Yes, you’d think this would be common sense, but, due to my limited dating history, I’m used to simultaneously dating and being friends with guys. Part of my friendship includes the lifetime membership to the too much information club, and all the details of my life that entails.
I’ve also learned that when a guy says he’s ok with you not wanting to date exclusively, but then says, “I’ll wait until you’re ready,” that means he’s not really ok with my not wanting to date him exclusively. This realization culminated in an exquisitely awkward conversation, during which you say, “It’s not you, it’s me” completely non-ironically and sincerely for possibly the first time ever.
After dating the BF for so long, I’ve become excellent at platonically friending guys, but my ability to tell if they like me or are interested in dating me has completely withered away. Well, I say that as if that was something at which I ever excelled, but it’s practically deteriorated away by now. So far all the dates I’ve been on have been arranged through dating websites. I have to admit that online dating has broadened by social circle with guys I would probably never have met otherwise, but flirting over broadband is never as satisfying as seeing in-person reactions to the way you move, or what you say.
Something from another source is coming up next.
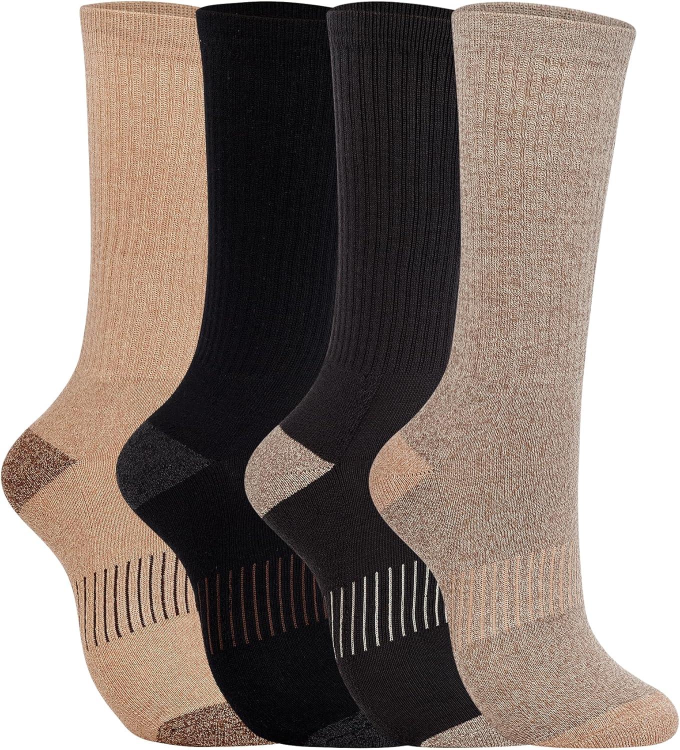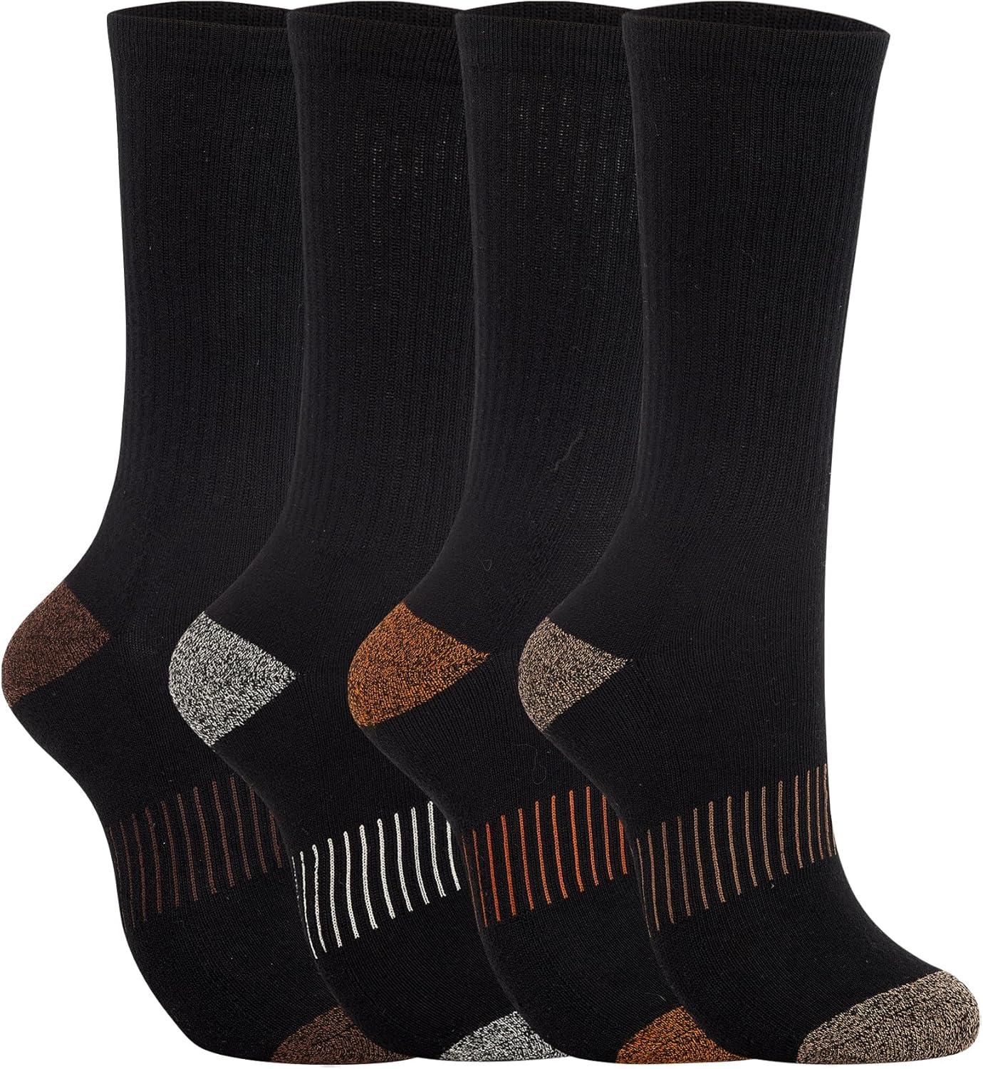 Sperry Mens Work Socks, 4-Pack Half Cushioned Crew – Soft Cotton Moisture-Wicking Boot Socks with Reinforced Heel and Toe(Brown Multi)

Online dating encompasses a certain progression; by the time you get to meeting in person you’ve generally already reached a tentative level of interest and certainty in compatibility. Not that that’s always true; I went on a date last week with a guy who was a blast to chat with. Just the right level of flirty innuendo and genuine interest, plus his picture was super cute. Unfortunately none of the pixilated attraction translated to the actual dinner table, and half an hour later I was on my own again, walking home in the drifts of dirty leftover snow and wondering which message got so dreadfully garbled in the transition.
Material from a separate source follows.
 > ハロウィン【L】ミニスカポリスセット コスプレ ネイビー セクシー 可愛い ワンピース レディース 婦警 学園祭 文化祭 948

My lack of real-world exploratory flirting is my own fault, though, since I’ve been so busy dating two guys that I’ve practically abandoned my friends and the bar games that sustained me until I reached the relatively normal level where I am now. Even though it’s only February and snow is forecast for Thursday, I can almost smell spring in the air, accompanied by the usual feelings of wanderlust and anticipation. This year I’m single for the first time in nearly six years, I wonder what will happen?